Most of the existing laboratory devices for researching the migration of pollutants in underground water are under the condition of a pure underground water flow field, and Chinese patent (CN103994951B) introduces a simulation device for migration and transformation of environmental pollutants in different aquifers of underground water, which can simulate a confined water aquifer and a diving aquifer in a saturated zone, and can also simulate a capillary water zone and the like in a saturated zone, but only is the research in the underground water flow field, does not relate to the interaction between the underground water and surface water, and even cannot research the migration rule of the pollutants under the condition that the flow field changes; chinese patents (CN104483240A, CN105300843A and the like) only consider the migration of pollutants or nano materials only under the condition of an underground water flow field; chinese patents (for example, CN203148652U) describe a temperature tracing device for river water and groundwater, but only the inside of the riverbed is still water, which cannot simulate rivers well, and there is no precipitation device, so it is difficult to simulate the actual environment of supplying river water to groundwater better, and it does not relate to the research on the migration of pollutants.

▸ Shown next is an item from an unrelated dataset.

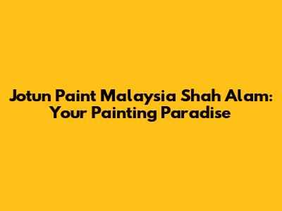 Jotun Paint In Shah Alam: Your Ultimate Guide

Therefore, there is an urgent need to develop a laboratory device for studying the migration rule of pollutants under the interaction of rivers and underground water.

Disclosure of Invention

The invention discloses an experimental device for researching the migration rule of pollutants under the interaction between a river and underground water, aiming at solving the technical problem of lacking of researching the migration rule of the pollutants in the underground water under the interaction between the river and the underground water.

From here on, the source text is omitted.